# Number of solutions of sinx.tan4x=cosx in (0,π) ?

Jun 23, 2018

$x \in \left\{\frac{\pi}{10} , 3 \frac{\pi}{10} , \frac{\pi}{2} , 7 \frac{\pi}{10} , 9 \frac{\pi}{10}\right\} \subset \left(0 , \pi\right)$.

#### Explanation:

Note that, in the given eqn., $\sin x \ne 0 ,$ because, otherwise

$\cos x = \sin x \tan 4 x = 0 , \text{ contradicting, } {\sin}^{2} + {\cos}^{2} x = 1.$

Hence, we can divide the eqn. by $\sin x ,$ and get,

$\tan 4 x = \cos \frac{x}{\sin} x = \cot x = \tan \left(\frac{\pi}{2} - x\right)$.

$\therefore 4 x = \left(\frac{\pi}{2} - x\right) + k \pi , i . e . , 5 x = \frac{\pi}{2} + k \pi , k \in \mathbb{Z}$.

$\therefore x = \frac{\pi}{10} + k \frac{\pi}{5} = \left(2 k + 1\right) \frac{\pi}{10} , k \in \mathbb{Z}$.

But, $0 < x < \pi \therefore 0 < \left(2 k + 1\right) \frac{\pi}{10} < \pi$

$\therefore 0 < 2 k + 1 < 10 , \mathmr{and} , - \frac{1}{2} < k < \frac{9}{2} , k \in \mathbb{Z}$.

$\therefore x = \left(2 k + 1\right) \frac{\pi}{10} , k = 0 , 1 , 2 , 3 , 4$.

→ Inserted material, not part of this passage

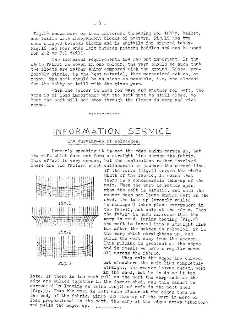 Information Service - The Curving Up of Selvages, ---. Master Weaver, No. 10 July 1953, 1 page. Note: PDF provided by Judith Combs. By permission. Posted July 15, 2006. SAMPLE PAGE. File size 491 KB PDF

$\therefore x \in \left\{\frac{\pi}{10} , 3 \frac{\pi}{10} , \frac{\pi}{2} , 7 \frac{\pi}{10} , 9 \frac{\pi}{10}\right\} \subset \left(0 , \pi\right)$.

Jun 23, 2018

Number of solutions: 5 for $\left(0 , \pi\right)$

#### Explanation:

sin x.tan 4x = cos x
$\tan 4 x = \cot x = \tan \left(\frac{\pi}{2} - x\right)$
Unit circle and property of tan give -->
$4 x = \left(\frac{\pi}{2} - x\right) + k \pi$
$5 x = \frac{\pi}{2} + k \pi$
$x = \frac{\pi}{10} + \frac{k \pi}{5}$
k = 0 --> $x = \frac{\pi}{10}$
k = 1 --> $x = \frac{\pi}{10} + \frac{\pi}{5} = \frac{3 \pi}{10}$
k = 2 --> $x = \frac{\pi}{10} + \frac{2 \pi}{5} = \frac{5 \pi}{10}$
k = 3 --> $x = \frac{\pi}{10} + \frac{3 \pi}{5} = \frac{7 \pi}{5}$
k = 4 --> $x = \frac{\pi}{10} + \frac{4 \pi}{5} = \frac{9 \pi}{10}$
In the interval $\left(0 , \pi\right)$, there are 5 answers.